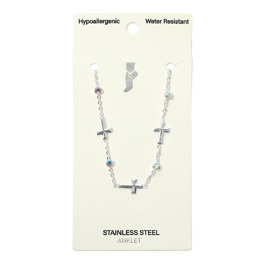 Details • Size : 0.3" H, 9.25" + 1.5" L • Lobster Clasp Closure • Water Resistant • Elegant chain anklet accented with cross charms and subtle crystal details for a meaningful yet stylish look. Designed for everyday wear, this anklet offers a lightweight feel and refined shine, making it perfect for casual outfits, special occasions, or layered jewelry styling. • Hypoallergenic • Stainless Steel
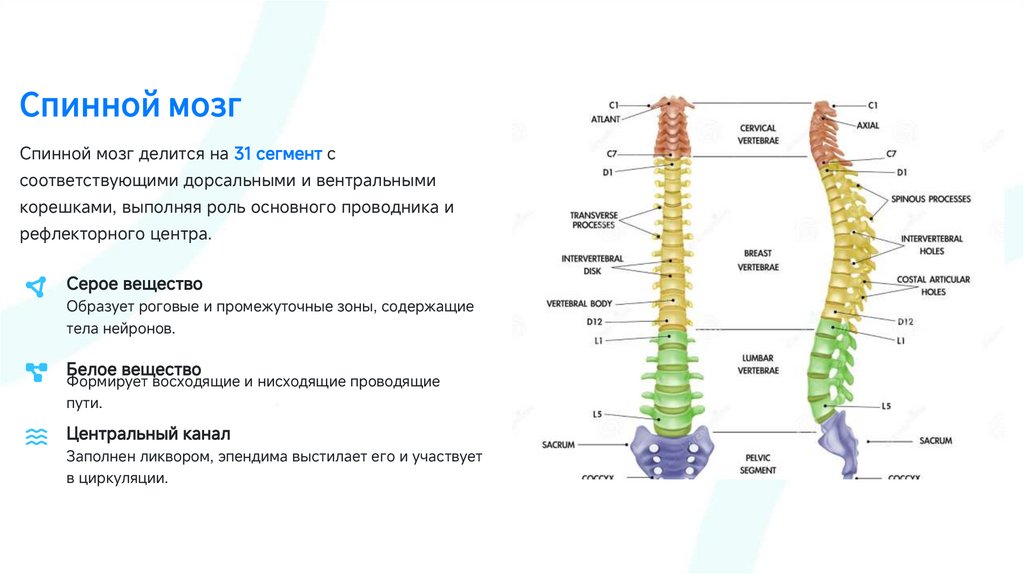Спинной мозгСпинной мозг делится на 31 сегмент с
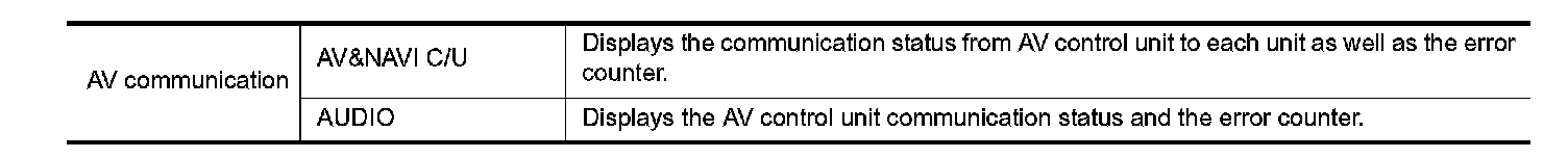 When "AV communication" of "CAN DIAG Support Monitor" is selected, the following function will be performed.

==

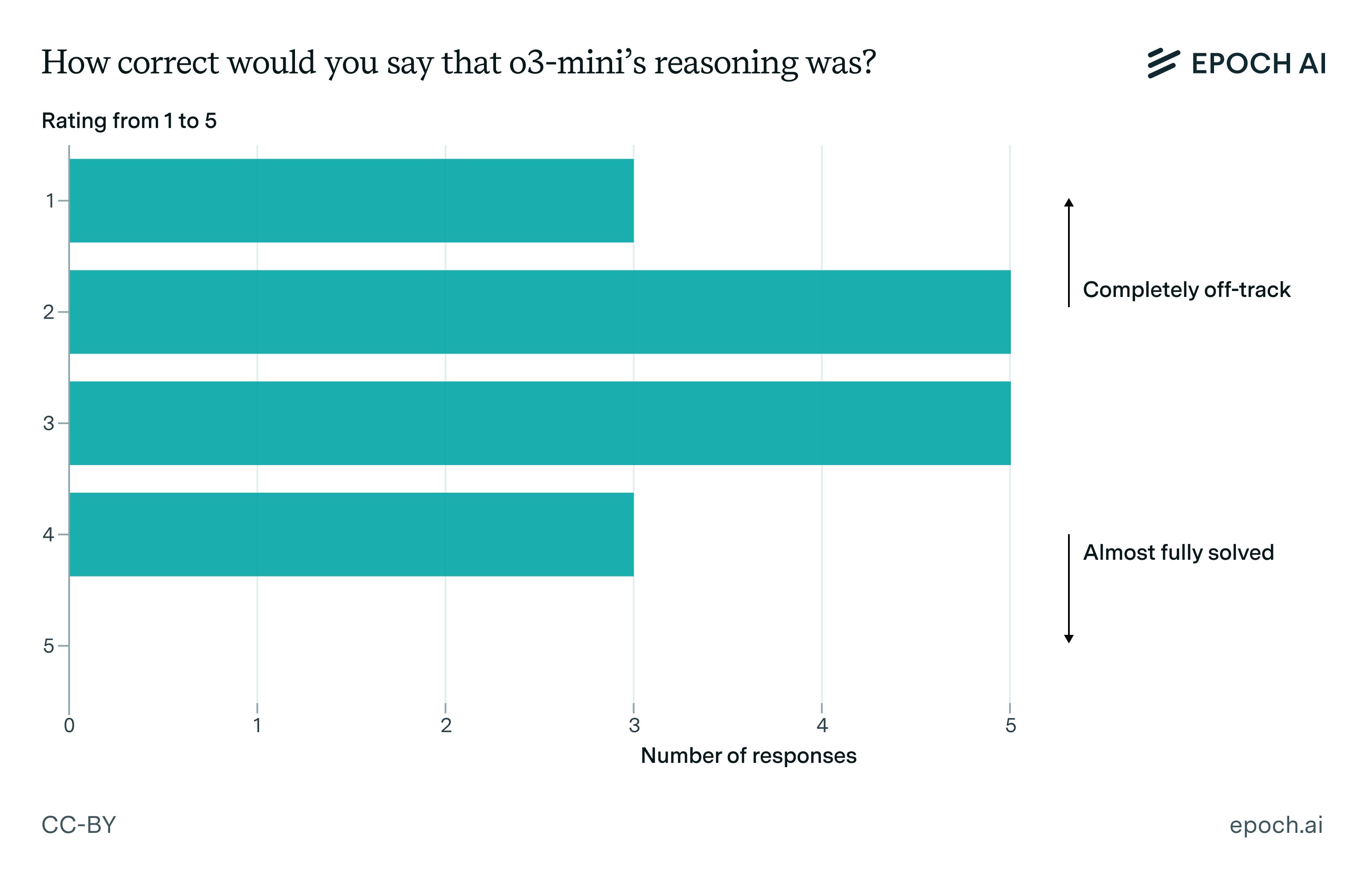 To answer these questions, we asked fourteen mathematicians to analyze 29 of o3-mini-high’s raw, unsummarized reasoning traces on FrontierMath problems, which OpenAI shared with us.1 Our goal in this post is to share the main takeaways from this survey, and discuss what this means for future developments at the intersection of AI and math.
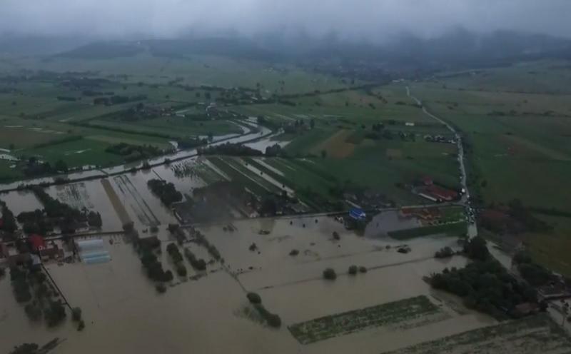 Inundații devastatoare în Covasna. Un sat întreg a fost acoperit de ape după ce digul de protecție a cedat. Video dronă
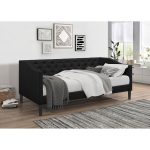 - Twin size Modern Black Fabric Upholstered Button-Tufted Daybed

§ Goal of the exercise
What's needed is an exact copy of the lines above from the one with "Details • Size" through the one with "will be performed.", both included; the pictures stay out.

§ Exercise result
 Details • Size : 0.3" H, 9.25" + 1.5" L • Lobster Clasp Closure • Water Resistant • Elegant chain anklet accented with cross charms and subtle crystal details for a meaningful yet stylish look. Designed for everyday wear, this anklet offers a lightweight feel and refined shine, making it perfect for casual outfits, special occasions, or layered jewelry styling. • Hypoallergenic • Stainless Steel
Спинной мозгСпинной мозг делится на 31 сегмент с
 When "AV communication" of "CAN DIAG Support Monitor" is selected, the following function will be performed.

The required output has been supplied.